执行调用的最简单方法是同步执行，即发送请求并等待响应到达以继续程序。我们可以简单地这样做：

import requests



headers = {

    "Content-Type": "application/json",

    "Authorization": f"Bearer {OPENAI_API_KEY}"

}



response_json = requests.post("https://api.openai.com/v1/chat/completions", headers=headers, json={

    "model": "gpt-3.5-turbo",

    "messages": [{"role": "user", "content": "ping"}],

    "temperature": 0

}).json()



print(response_json["choices"][0]["message"]["content"])

Pong!

如果我们在一个简单的系统中工作，这是可以的，但是，如果我们想要并行地对一个API或其他资源（如数据库）进行多个调用，我们可以异步地进行，以获得更快的响应。

异步执行任务将触发每个动作，并等待它们并行地完成，这将减少等待时间。

做到这一点的一个基本方法是创建不同的线程来处理每个请求，但是，使用异步调用有一个更好的方法。

使用异步调用通常更有效率，因为你可以指定你的应用程序应该等待的确切位置，而在传统的线程中，系统会自动让线程等待，这可能是次优的。

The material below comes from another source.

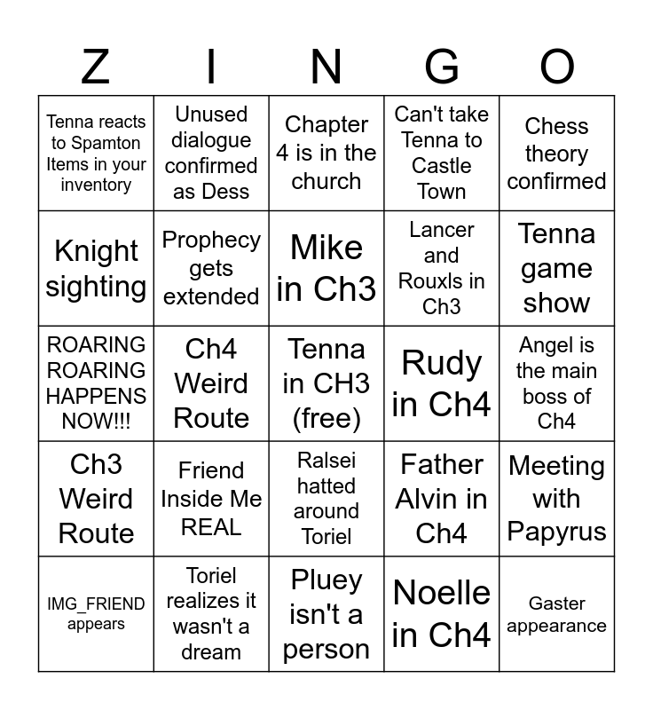 This bingo card has a free space and 24 words: IMG_FRIEND appears, Friend Inside Me REAL, Mike in Ch3, Noelle in Ch4, Chess theory confirmed, Tenna reacts to Spamton Items in your inventory, Unused dialogue confirmed as Dess, Chapter 4 is in the church, Rudy in Ch4, Angel is the main boss of Ch4, ROARING ROARING HAPPENS NOW!!!, Prophecy gets extended, Father Alvin in Ch4, Meeting with Papyrus, Knight sighting, Toriel realizes it wasn't a dream, Pluey isn't a person, Can't take Tenna to Castle Town, Tenna game show, Ch3 Weird Route, Ch4 Weird Route, Ralsei hatted around Toriel, Lancer and Rouxls in Ch3 and Gaster appearance.

下面我们展示了一个例子，显示了使用同步和异步调用之间的区别。

# Sync call



import time



def delay_print(msg):

    print(msg, end=" ")

    time.sleep(1)



def sync_print():

    for i in range(10):

        delay_print(i)



start_time = time.time()

sync_print()

print("\n", time.time() - start_time, "seconds.")

0 1 2 3 4 5 6 7 8 9 

 10.019574642181396 seconds.

#Async Call



import asyncio



async def delay_print_async(msg):

    print(msg, end=" ")

    await asyncio.sleep(1)



async def async_print():

    asyncio.gather(*[delay_print_async(i) for i in range(10)])



start_time = time.time()

await async_print()

print("\n", time.time() - start_time, "seconds.")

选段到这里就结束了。